Ocrelizumab belongs to the None, classified under the direct parent group Peptides. This compound is a part of the Organic Compounds, falling under the Organic Acids superclass, and categorized within the Carboxylic Acids and Derivatives class, specifically within the Amino Acids, Peptides, and Analogues subclass.

Categories:

Ocrelizumab is categorized under the following therapeutic classes: Amino Acids, Peptides, and Proteins, Antibodies, Antibodies, Monoclonal, Antibodies, Monoclonal, Humanized, Antineoplastic and Immunomodulating Agents, Blood Proteins, CD20-directed Antibody Interactions, CD20-directed Cytolytic Antibody, Globulins, Immunoglobulins, Immunologic Factors, Immunomodulatory Agents, Immunoproteins, Immunosuppressive Agents, Proteins, Selective Immunosuppressants, Serum Globulins.
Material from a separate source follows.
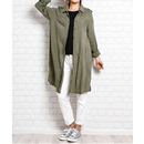 M〜4L展開★やや長めの丈感だから、体型をカバーして細見せ効果◎綿ダンガリーの素材感を楽しんで♪どんなボトムにもあわせやすい1枚です。

These classifications highlight the drug's diverse therapeutic applications and its importance in treating various conditions.

Experimental Properties:

Further physical and chemical characteristics of Ocrelizumab include:

  • Molecular Weight: 145000.0
  • Molecular Formula: C6494H9978N1718O2014S46

Ocrelizumab is a type of Anticancer drugs


Anticancer drugs belong to the pharmaceutical API (Active Pharmaceutical Ingredient) category designed specifically to combat cancer cells. These powerful medications play a crucial role in cancer treatment and are developed to target and destroy cancerous cells, preventing their growth and spread.

Anticancer drugs are classified based on their mode of action and can include various types such as chemotherapy drugs, targeted therapy drugs, immunotherapy drugs, and hormonal therapy drugs. Chemotherapy drugs work by interfering with the cell division process, thereby inhibiting the growth of cancer cells. Targeted therapy drugs, on the other hand, are designed to attack specific molecules or genes involved in cancer growth, minimizing damage to healthy cells. Immunotherapy drugs stimulate the body's immune system to recognize and destroy cancer cells. Hormonal therapy drugs are used in cancers that are hormone-dependent, such as breast or prostate cancer, to block the hormones that fuel cancer cell growth.
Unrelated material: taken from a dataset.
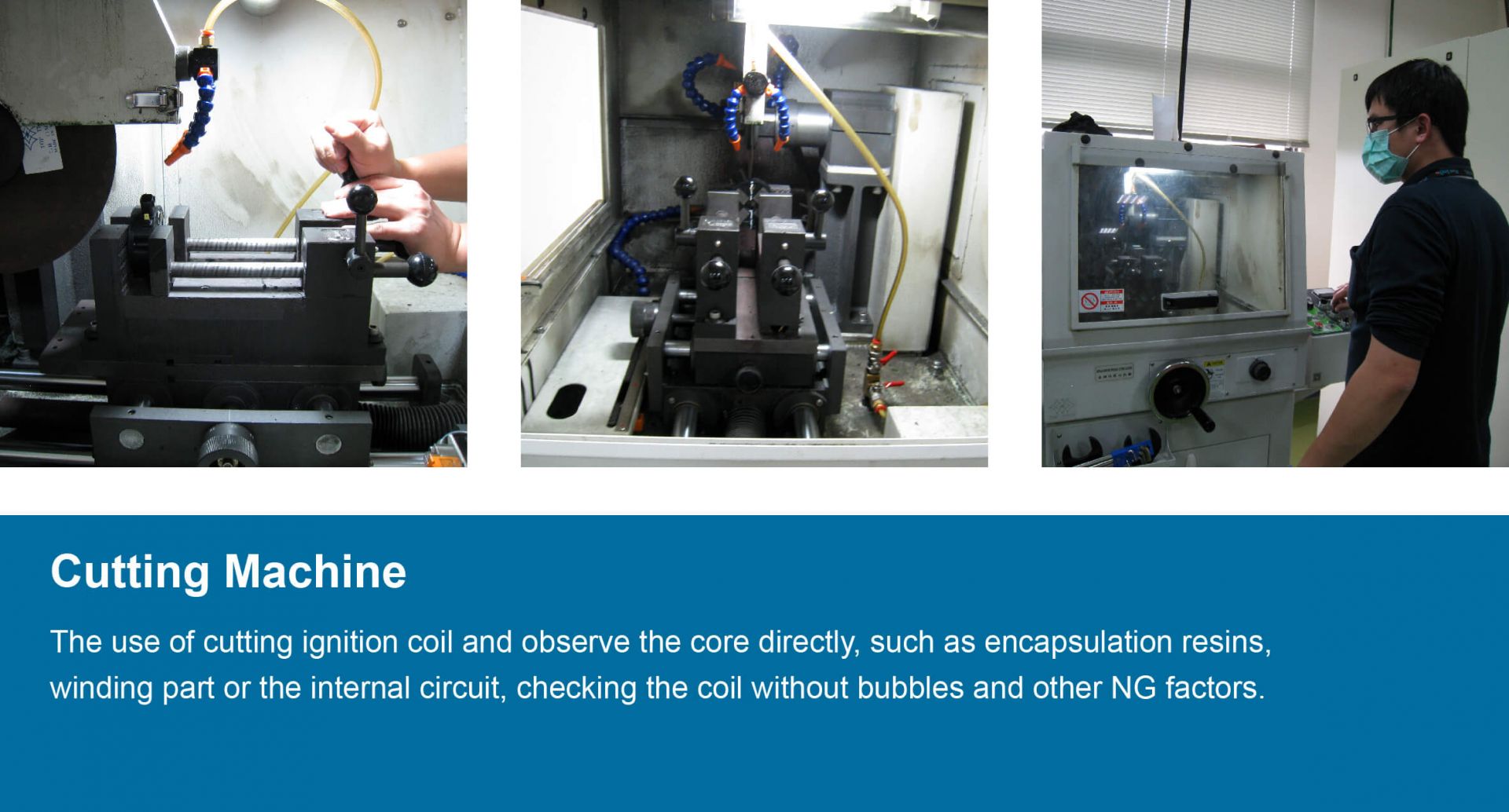 Die Verwendung einer Schneidemaschine ermöglicht es uns, den Zündspulenkern direkt zu beobachten, wie zum Beispiel Vergussmassen, Wickelteil oder die interne Schaltung. Überprüfen Sie die Spule auf eventuelle Blasen oder andere Fehler.

These APIs are typically synthesized through complex chemical processes in state-of-the-art manufacturing facilities. Stringent quality control measures ensure the purity, potency, and safety of these drugs. Anticancer APIs undergo rigorous testing and adhere to stringent regulatory guidelines before being approved for clinical use.
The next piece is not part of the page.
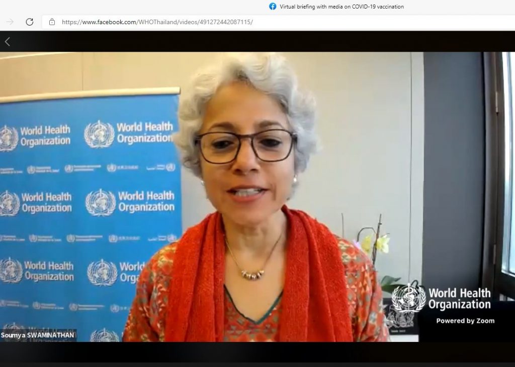 ดร.ซุมยา สวามินาธาน หัวหน้านักวิทยาศาสตร์ขององค์การอนามัยโลก กล่าวว่า วัคซีนโควิด 19 แต่ละตัว ไม่สามารถนำตัวเลขประสิทธิภาพมาเปรียบเทียบได้ เนื่องจากระเบียบวิธีการวิจัยต่างกัน สถานการณ์การระบาดและสายพันธุ์ที่ระบาดในแต่ละประเทศต่างกัน สิ่งสำคัญคือต้องดูเรื่องการป้องกันโรครุนแรงและเสียชีวิต ซึ่งวัคซีนแอสตร้าเซนเนก้าและซิโนแวคป้องกันอาการรุนแรงและเสียชีวิตได้ การฉีดวัคซีน 2 เข็มควรเป็นวัคซีนตัวเดียวกัน โดยขณะนี้กำลังศึกษาประสิทธิผลของการฉีดวัคซีนครบ 2 เข็มว่าป้องกันยาวนานแค่ไหน ขณะนี้มีข้อมูลแค่ช่วง 6 เดือน เนื่องจากยังต้องใช้เวลาในการศึกษา สำหรับคนที่ติดโควิดมาแล้วก็ยังต้องฉีดวัคซีนเพื่อกระตุ้นภูมิคุ้มกัน แต่หากวัคซีนในประเทศไม่เพียงพอ คนกลุ่มนี้รอฉีดได้ประมาณ 6 เดือน
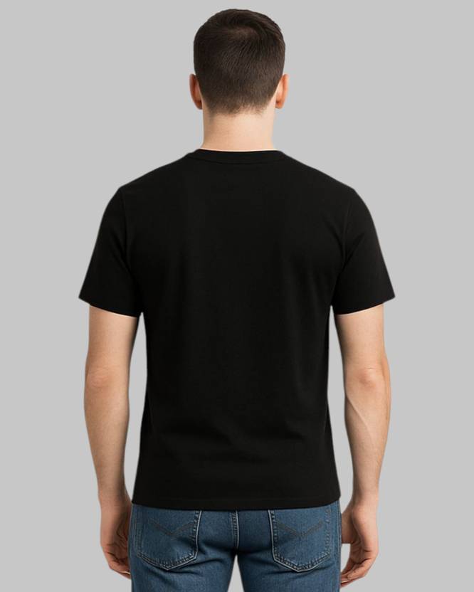 B.k Fords Men Printed Round Neck Regular Pure Cotton Black T-Shirt

Due to their critical role in cancer treatment, anticancer drugs are in high demand worldwide. Researchers and pharmaceutical companies continually strive to develop new and more effective APIs in this category to enhance treatment outcomes and minimize side effects. The ongoing advancements in the field of anticancer drug development offer hope for improved cancer therapies and better patient outcomes.